I just wanted to give a quick thanks to Maureen H for her recent review of Veneer. I tend to look at my books as always increasing in quality, and yet it’s Veneer, my second book, that continues to outsell the others. I don’t know why that is. From the reviews, it seems people really enjoy the concept of augmented reality, while others like the characters themselves. Some people don’t like the book at all, but who has time to think about that?
A really enjoyable piece of near-future sci-fi. The premise of this book is fairly simple – somewhere in the fairly near future, society has collapsed and rebuilt itself with the addition of the “veneer”, the supposedly innate ability of the people to shape their world to look like whatever they want it to look like. When a young man starts to see underneath the veneer, he starts on a track that leads him to attempt to take down the system. Helping him are his girlfriend and best friend; against him, an entire system of secret agents, plus his childhood nemesis. The main question here is an interesting one. What would the world be like if we could shape it to suit our desires, like we can online now? The veneer is a means of control for the corporations – things look pretty, so no one questions what the world is like without it. A single corrupt company essentially controls the world, and their agents enforce the control using deadly force, if necessary. The young characters are well drawn and strongly motivated, whether they’re good or evil. I do have some issues with how the author treats homosexuality, but overall I was really engaged by the writing and the book as a whole.
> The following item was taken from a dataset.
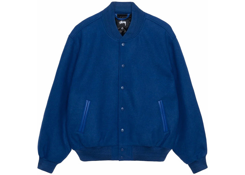 The Stussy Sport Melton Varsity Jacket Royal is now available at Side Kicks!
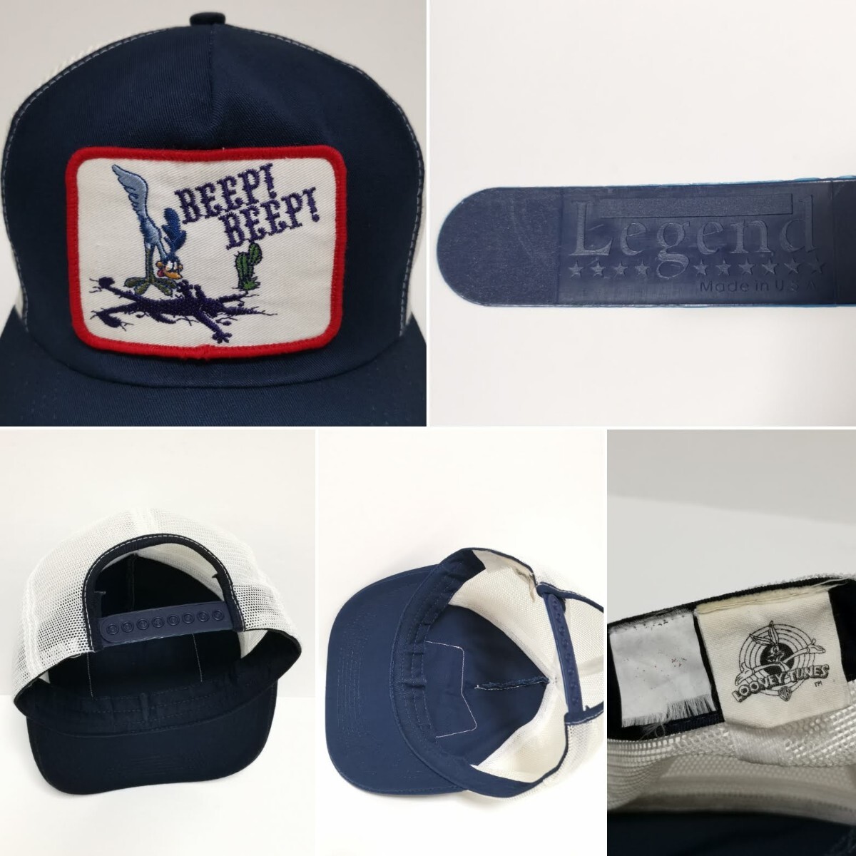 【コメント】:2000年代のBACK DROP別注ルーニーテューンズ トラッカーメッシュキャップです。USA製、希少なロードランナー&コヨーテのワッペン付き限定モデルになります。使用感の少ないコンディション良いお品です。昔のモノですので一応古着扱いでお願いします。

Daniel Verastiqui’s best book yet. I have read a couple of his books before, and was graced with an advanced copy. Perion Synthetics is his best book yet. He follows different characters, giving you a well rounded view of the futuristic world through many different lenses, leaving you frantically reading for more, unable to put the book down. Throughout the whole book, you are not only entertained with an interesting story, but left with a nagging thought of what is truly a human soul vs artificial intelligence, and what are its rights. I have dismissed such conversations before, but Perion Synthetics presents some realistic issues we may face in the not too distant future. For those needing to know more specifics for youths reading it: There is explicit language, sex, and violence. This may not be a book for people under 16. But for science fiction readers who don’t mind that like I do, this book is a great read. I recommend it for anyone’s library.